Choroba znowu mutuje. W całej Ameryce okazuje się, że na jeden dobrze urodzony żywy szkielet przypada co najmniej trzech młodzieńców, także wschodzące gwiazdy, z którymi dzieje się coś równie dziwnego. Gdy tylko pochłoną swoje steki popite reńskim winem, chowają się, by włożyć sobie palce do gardeł i zwymiotować cały zjedzony przed chwilą posiłek. Wracają do stolika drżący i bladzi. W końcu organizują swoje życie tak, by móc godzinami tak trwać, skupiając swoje świetnie wyszkolone umysły na dwóch wstydliwych dziurach: usta – toaleta, toaleta – usta.

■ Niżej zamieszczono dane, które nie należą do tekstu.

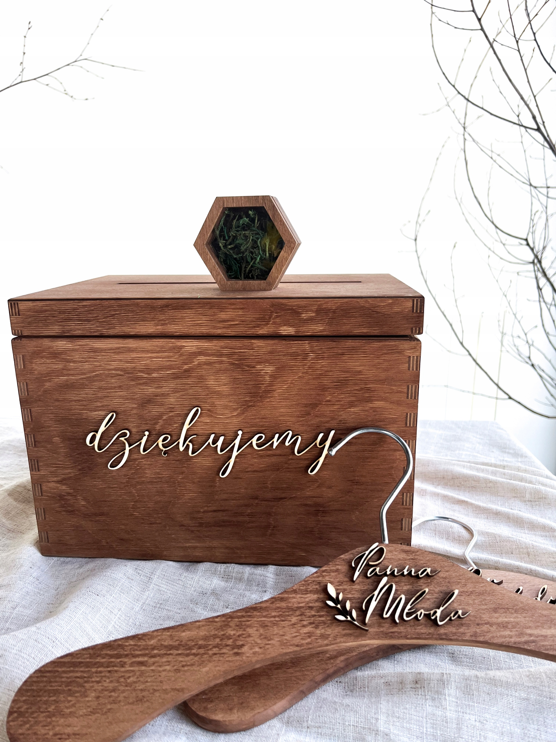 Pudełko, szkatułka na obrączki heksagon z inicjałami, grawerowane, na ślub

W międzyczasie ludzie czekają na nich, by zajęli swe stanowiska: stali się asystentami w „The New York Times”, na giełdzie, sekretarzami federalnych sędziów. Trzeba napisać przemowy, przejrzeć akta pośród stukotu młotków sędziowskich i szumu faksu. Co się dzieje z wartościowymi młodymi mężczyznami przystrzyżonymi na krótko, w spodniach koloru khaki? Patrzenie na nich sprawia ból. Podczas lunchu na koszt firmy ukrywają kotlety cielęce pod liściami sałaty. Przeczyszczają się w tajemnicy. Wymiotują po bankietach z okazji dostania się na studia i po imprezach towarzyszących meczom. Toaleta męska w barach śmierdzi od tego wszystkiego. Tak robi co piąty chłopak na kampusach, które z dumą wymawiają swoją nazwę.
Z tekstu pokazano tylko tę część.